Message-ID: <YXkWhFGS/uTAnsI1@coredump.intra.peff.net>
References: <211022.86sfwtl6uj.gmgdl@evledraar.gmail.com>
 <patch-1.1-9190f3c128f-20211022T102725Z-avarab@gmail.com>
 <YXhjstW2XAnixEqh@nand.local>
 <YXhvAQgxKpq65qcg@coredump.intra.peff.net>
 <211027.86v91iyis4.gmgdl@evledraar.gmail.com>
MIME-Version: 1.0
Content-Type: text/plain; charset=utf-8
Content-Disposition: inline
Content-Transfer-Encoding: 8bit
In-Reply-To: <211027.86v91iyis4.gmgdl@evledraar.gmail.com>
Precedence: bulk
List-ID: <git.vger.kernel.org>
X-Mailing-List: git@vger.kernel.org

On Wed, Oct 27, 2021 at 10:04:17AM +0200, Ævar Arnfjörð Bjarmason wrote:

> >   - it keeps the annotations near the code. Yes, that creates conflicts
> >     when the code is changed (or the leak is actually fixed), but that's
> >     a feature. It keeps them from going stale.
> 
> I fully agree with you in general for "good" uses of UNLEAK().

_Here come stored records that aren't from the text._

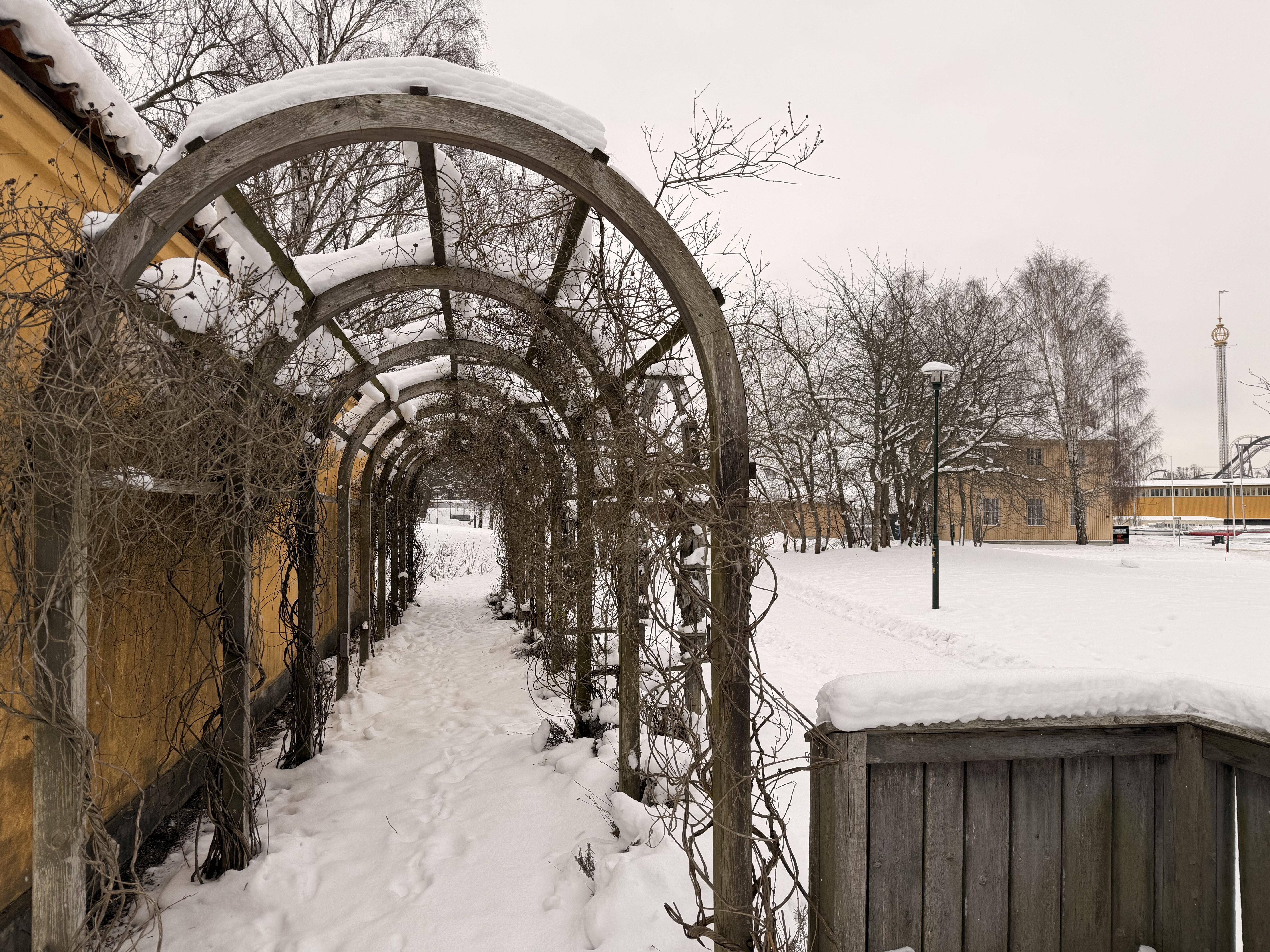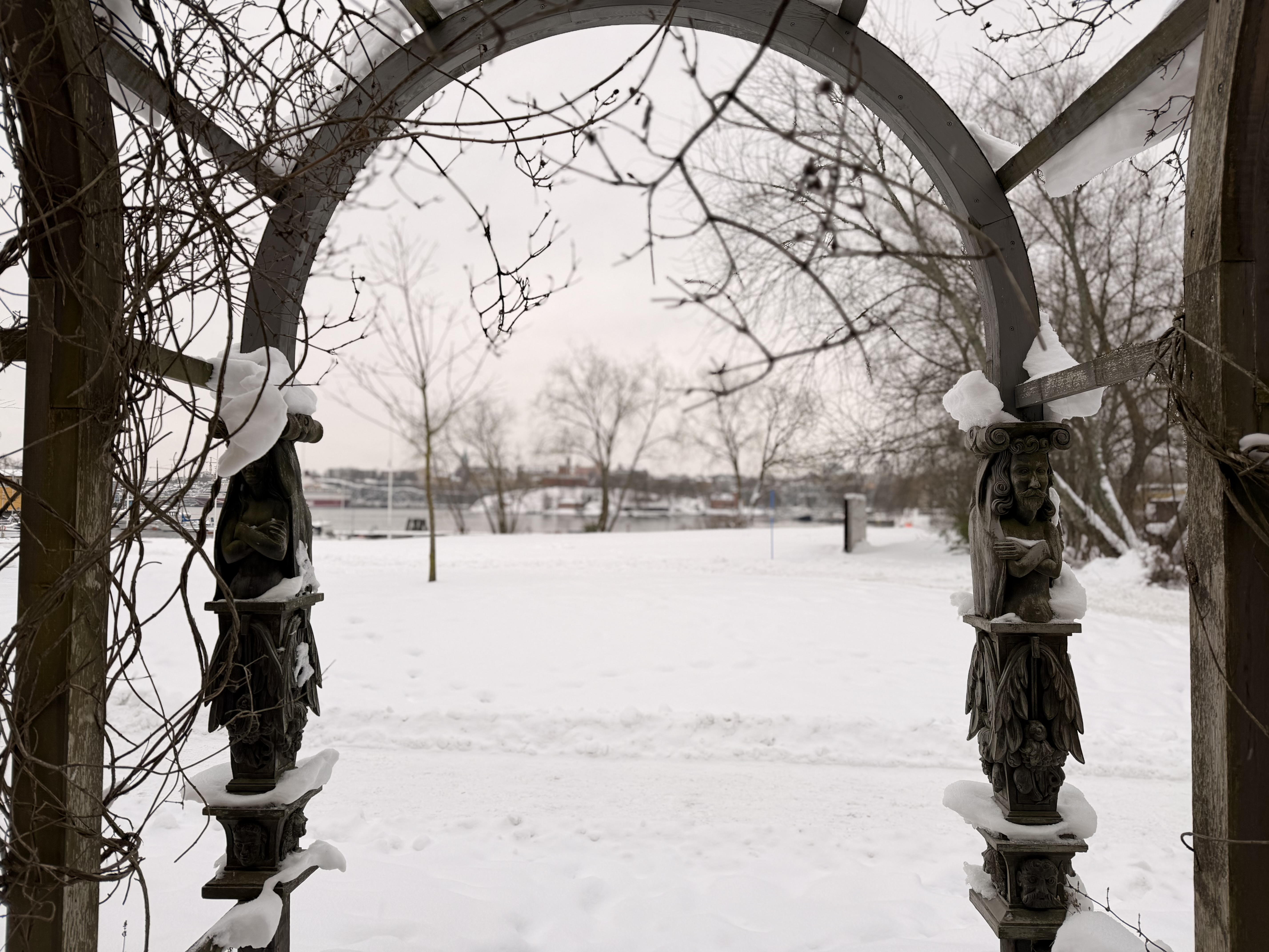 - Lövgången i trädgården påminner om den som Gustav II Adolf lät anlägga på Djurgården i början 1620-talet och knyter an till tidens trädgårdsmode. För att lyfta fram lövgångens anknytning till skeppet är långsidans ingångsbågar infällda skulpturkopior av balusterdockan på Vasa.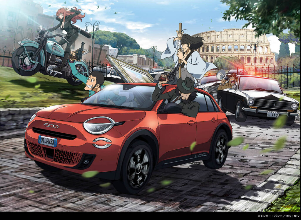 フィアットの代表モデル『500』は、「ルパン三世」の作品に主人公ルパン三世の愛車として登場。2024年9月に『500』が登場する特別なコラボレーション企画第1弾を、10月には『500e』が登場するコラボレーション企画第2弾を実施した。今回のコラボレーション企画第3弾では『600e』が登場する。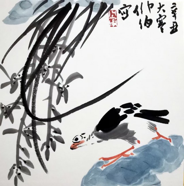 水黑见鱼乐 砚深藏蛰龙 日写三千字 不知春夏冬 指茧化山脉 纸堆成岳峰 停笔观云起 方知墨外踪 《临池》仰伯  图片说明(国画作者仰伯) 薛晓勇的这首五言诗,以书法修行为题,道出了中国艺术核心的“修行-顿悟”模式。它清晰地勾勒出一条从“沉潜于技”到“超然于道”的精神轨迹,是其艺术思想体系的重要支柱。 一、筑基:于“水黑砚深”中涵养内美 诗的开篇“水黑见鱼乐,砚深藏蛰龙”,便以非凡的意象奠定了修行的根基。 “水黑”与“鱼乐”:化用《庄子》濠梁之辩的典故,暗示书法的至高境界在于物我两忘、自在优游的精神愉悦。墨汁(水黑)不仅是书写的材料,更是滋养艺术生命(鱼乐)的源泉。 “砚深”与“蛰龙”:将砚台想象为潜藏神龙的深渊,这是对自身内在潜能与磅礴创造力的坚信。薛晓勇在此指出,真正的书法探索,并非向外求索奇技,而是向内深挖,唤醒蛰伏于灵魂深处的、如龙般雄强的生命能量与古典气魄。 二、苦行:以“指茧纸堆”重塑时空 “日写三千字,不知春夏冬”:描绘了心无旁骛、沉溺于书写的高度专注状态。这不仅是时间的投入,更是精神的闭关,以此斩断与外缘的纠缠,全身心浸入笔墨的世界。 “指茧化山脉,纸堆成岳峰”:将身体劳绩的痕迹(指茧)与精神追求的象征(山脉)等同,将物质性的消耗(纸堆)与艺术高度的积累(岳峰)类比。这是一种极具震撼力的表达:艺术家的身体,通过日复一日的劳作,本身已成为一座行走的、由功夫累积而成的山川。 这正是其画作中“金石味”最根本的来源——它不是风格的模仿,而是生命能量在纸上凝结后的自然质感。 三、顿悟:于“停笔观云”时得“墨外踪” 全诗的前六句极力渲染了“写”的绝对重要性后,尾联“停笔观云起,方知墨外踪”实现了一次决定性的转折与飞跃。 “停笔” 是关键性的动作。它意味着从主动的“作”转向被动的“观”,从“有为”的技术世界抽身,进入“无为”的自然境界。 “观云起” 是悟道的契机。云的形态千变万化,自在卷舒,无一笔人为刻画,却蕴含了宇宙间最生动的韵律与无穷的机趣。 “墨外踪” 是全诗的诗眼,是修行所指向的终极答案。它告诉我们,所有在“墨”之内的艰苦修行——对笔法、结体、章法的追求——其最终目的,是为了感知和捕捉那存在于“墨”之外的东西。那便是自然的生机、宇宙的呼吸、作品的气韵与超越形质的神采。 从“蛰龙”破壁到“云起”无踪 《临池》诗,完整阐述了薛晓勇的书法和绘画实践哲学: 1. 修养的内化:他将“蛰龙”般的传统能量,通过“日写三千”的苦行,内化为自身的“山脉”与“岳峰”,这便是其笔下线条充满“金石味”与磅礴生命力的根本原因。 2. 审美的超越:他追求的不是停留在纸面的完美字形,而是由笔墨生发、却远超于笔墨之外的“踪”。这“踪”是意趣,是境界,是弦外之音,是画外之象,与他画作中“空白非空乃画魂”的理念完全贯通。 因此,薛晓勇的书法探索,是一场“以技入道”的精神仪式。让我们看到,真正的书画家,既要是那位在“砚深”处默默蓄力的“蛰龙”,也必须是那位敢于“停笔”、在“云起”间捕获天机的觉者。他的艺术之所以厚重而又空灵,正是因为这“墨内”的万钧之力,始终追寻着那“墨外”的永恒踪迹。
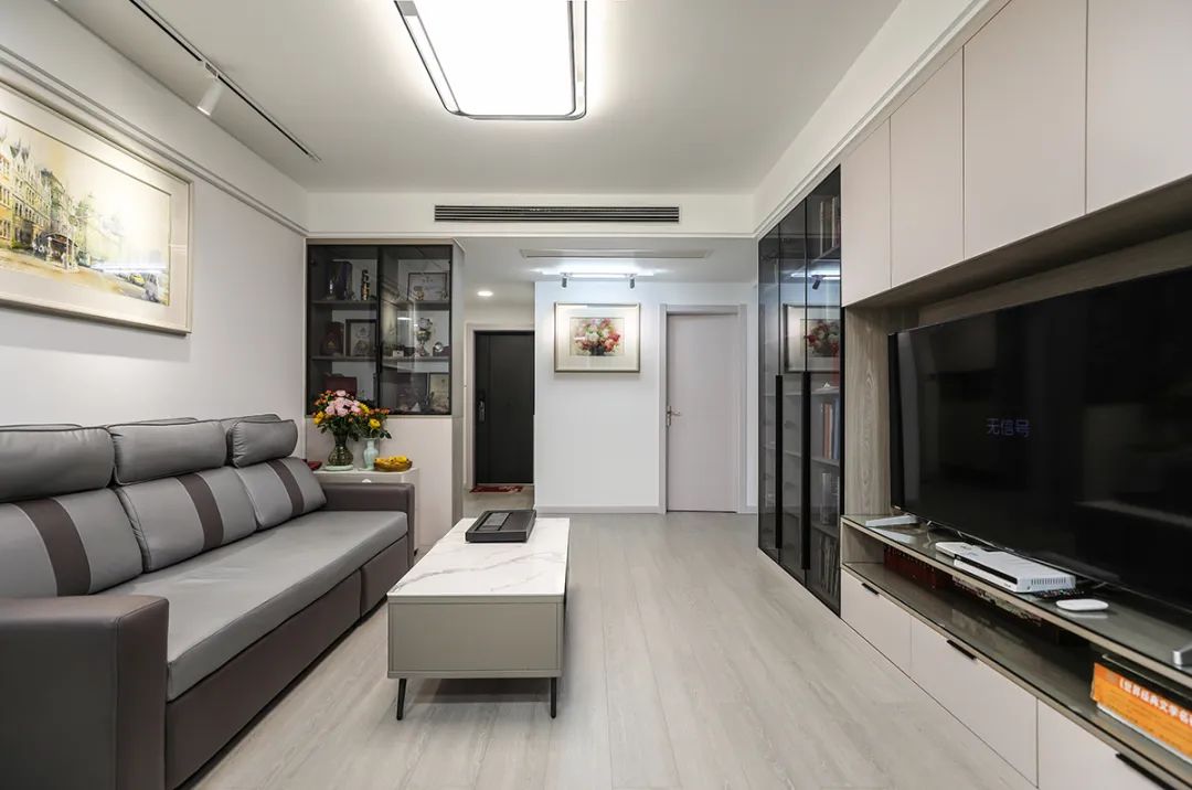 該房業主是一對夫妻,都是退休教授,基于業主的需求,該套居室用暖灰木紋色搭配暖白色的基色,讓整個房子呈現出客戶想要的高貴大方,溫暖宜居的感覺。電視墻以大面積玻璃櫥柜,在提供客戶儲藏展示書籍、展品的同時,增加空間通透感。放置藍灰色皮質沙發,再用白色巖板茶幾搭配,簡潔、神秘和有質感。通過精心布置打造出退休教授夫妻的頤養三居,塑造出簡中有序恰好處的氛圍感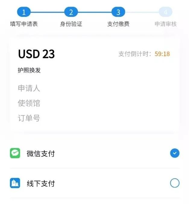 2. 如取证方式选择“到馆取证”,请关注APP订单状态,待订单进入“待取证/待邮寄”后,在使领馆办证大厅工作时间到场使用信用卡(Master或Visa卡)或现金支票缴费并领取新证件,办理费用为18美元/人。
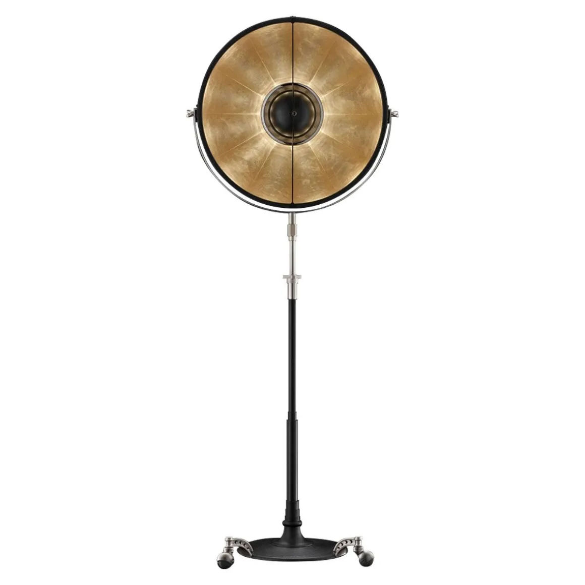 Le lampadaire Fortuny® Caster Base a une capacité de pivotement et d’inclinaison de 360 degrés. La lumière et indirecte et diffuse.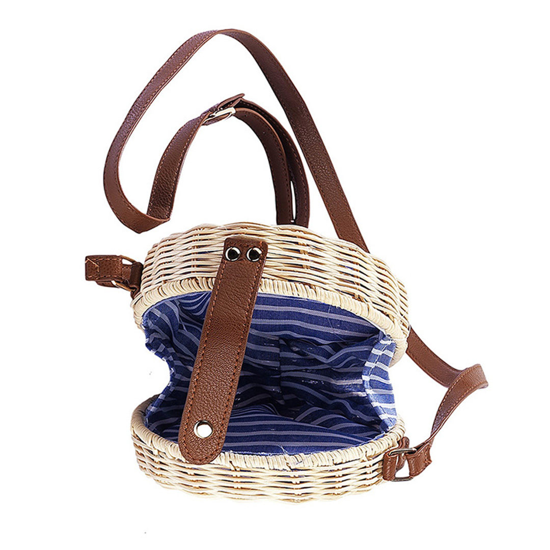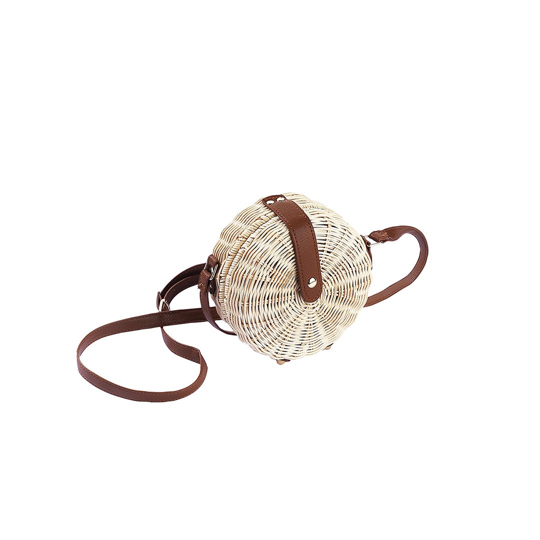 Yuvarlak şeklinde, natürel renk hasır yapısı ve deri detaylarıyla yaz kombinlerinize şıklık katacak.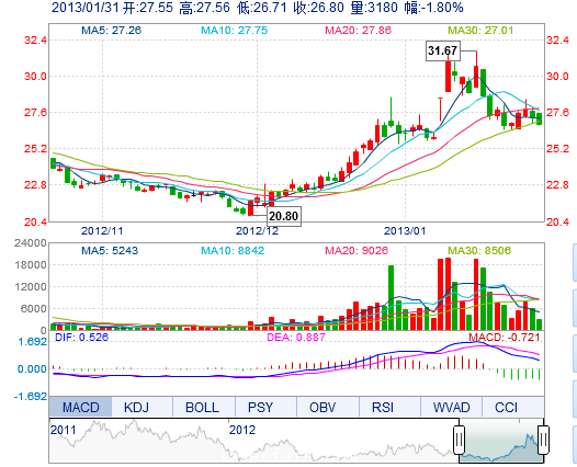 | 今 開: | 27.55 | 成交量: | 3180手 | 振 幅: | 3.11% |
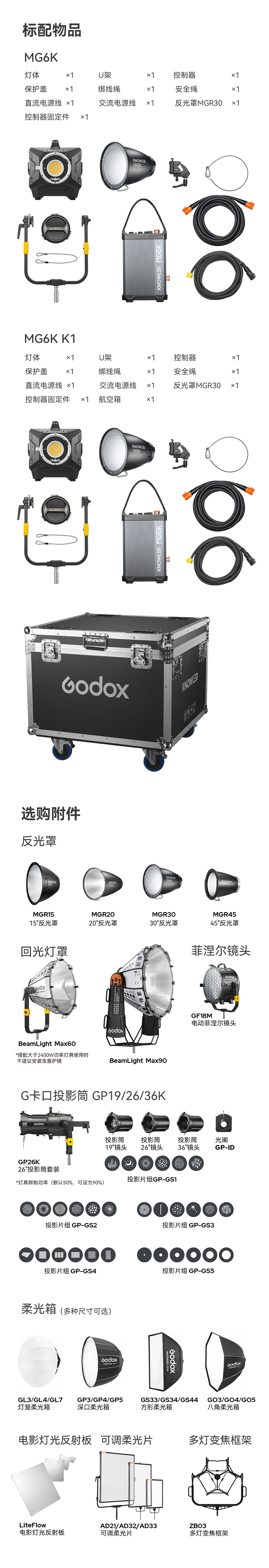 MG6K作为神牛G卡口的新成员,可直接共享神牛G卡口完备附件生态(反光罩除外),以神牛光学系统打造独特光学特效。秉持用户至上的理念,神牛不断拓展附件生态的深度和广度,研发如GL7超大球形柔光罩、电动三灯支架、回光灯罩、电动菲涅尔等新型附件,为MG6K带来丰富多样的塑光效果。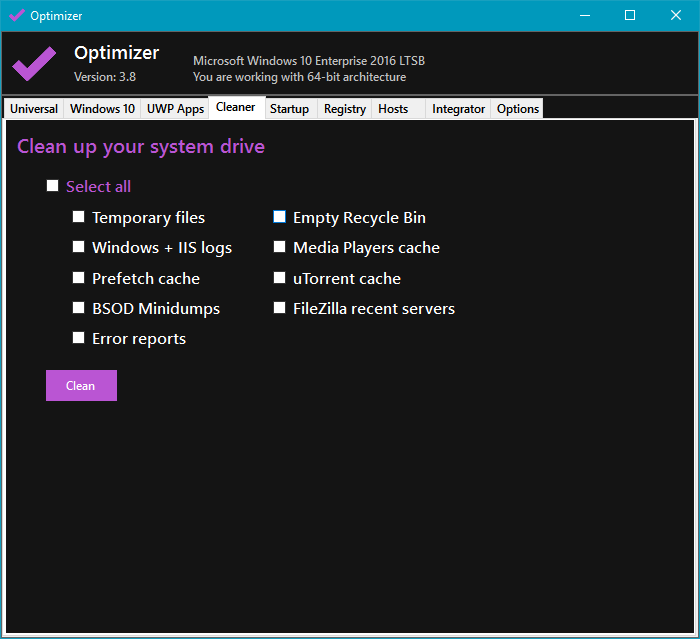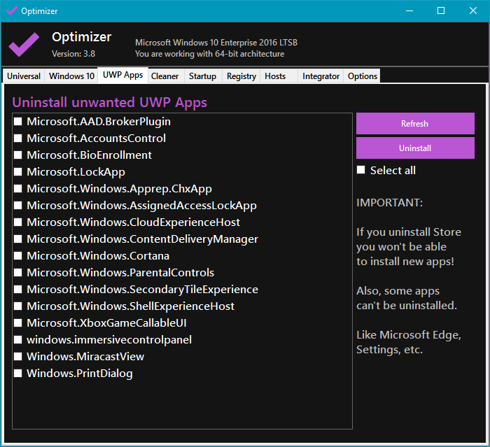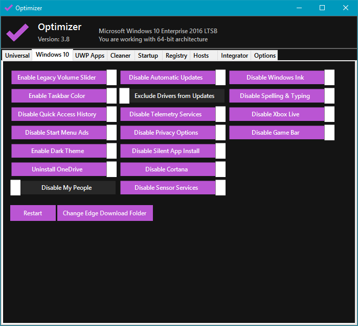 Optimizer is laid out with a series of tabs. These include Universal, Windows 10, Startup, Registry, Hosts, and Options. You will find (where there are no checkboxes) purple boxes with white text that turn into black text if applied. We didn't think we'd go for purple, but it works. Check under the options tab, and you will find your choice of 6 colors. In our screenshots, we changed the colors repeatedly during testing.
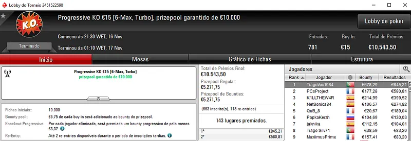 Já o triunfo de fredbiel no The Hot €50 valeu €1,697 de recompensa. Com 200 entradas, este torneio distribuiu €9,000 pelos 35 melhores classificados.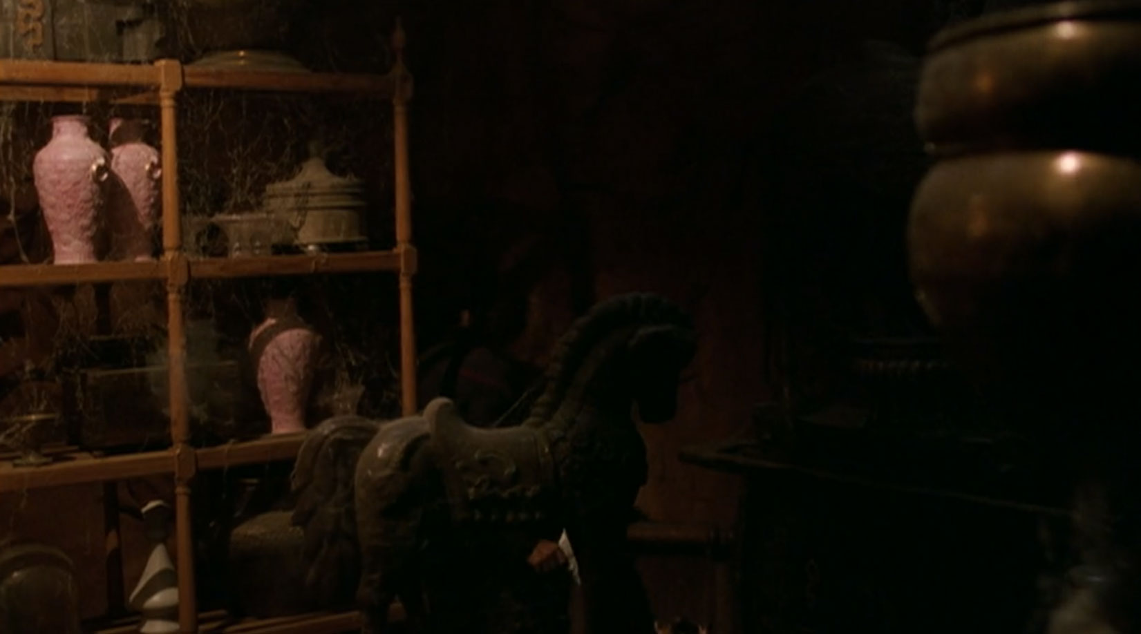 The reliquary at the monastery featured several shelves filled with vases, statues, sculptures, and other artifacts. Behind a tapestry, it also featured a shiny round-shaped metal door which marked the entrance to the secret listening post operated by the Vulcans. (ENT: "The Andorian Incident")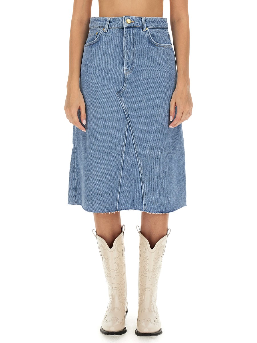 GANNI GONNA MIDI IN DENIM DI COTONE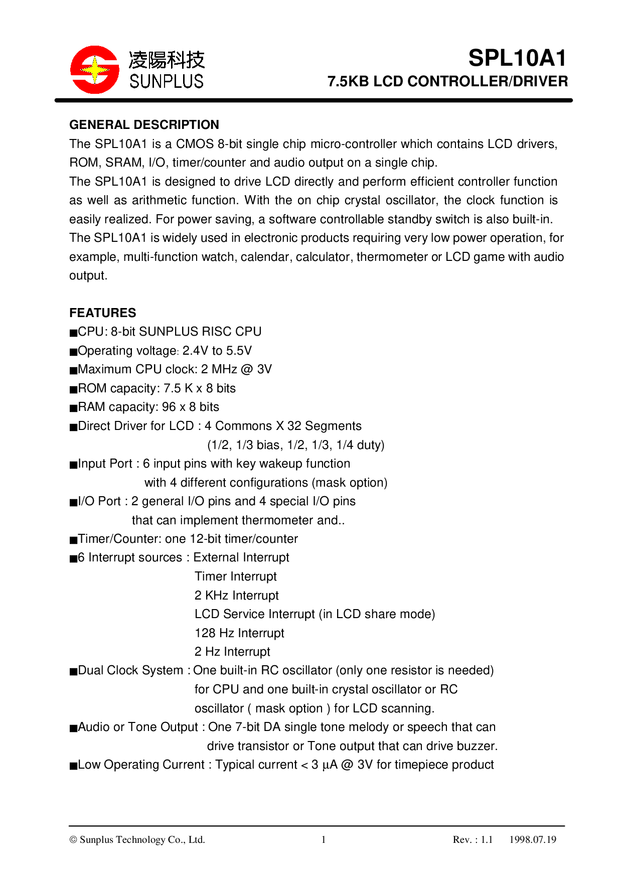 sunplus 技术 一氧化碳., 有限公司. 1 rev. : 1.1 1998.07.19

E.g. consider:
> 
>     struct strbuf buf = xmalloc(...);
>     [...]
>     UNLEAK(buf);
> 
> If I was fixing leaks in that sort of code what I pointed out downthread
> in [1] wouldn't apply.

I'm OK with such a use of UNLEAK(), though of course you could probably
just free the buffer in that instance.

But...

> So to clarify, I'm not asking in [1] that UNLEAK() not be used at all
> while we have in-flight leak fixes. I.e. I'd run into a textual
> conflict, but that would be trivial to resolve, and obvious what the
> semantic & textual conflict was.
> 
> Rather, it's not marking specific leaks, but UNLEAK() on a container
> struct that's problematic.

...that's the whole point of UNLEAK(), IMHO. You know that the container
struct is leaked, but you don't care because the program is about to
exit, or there's no easy way to avoid the leak.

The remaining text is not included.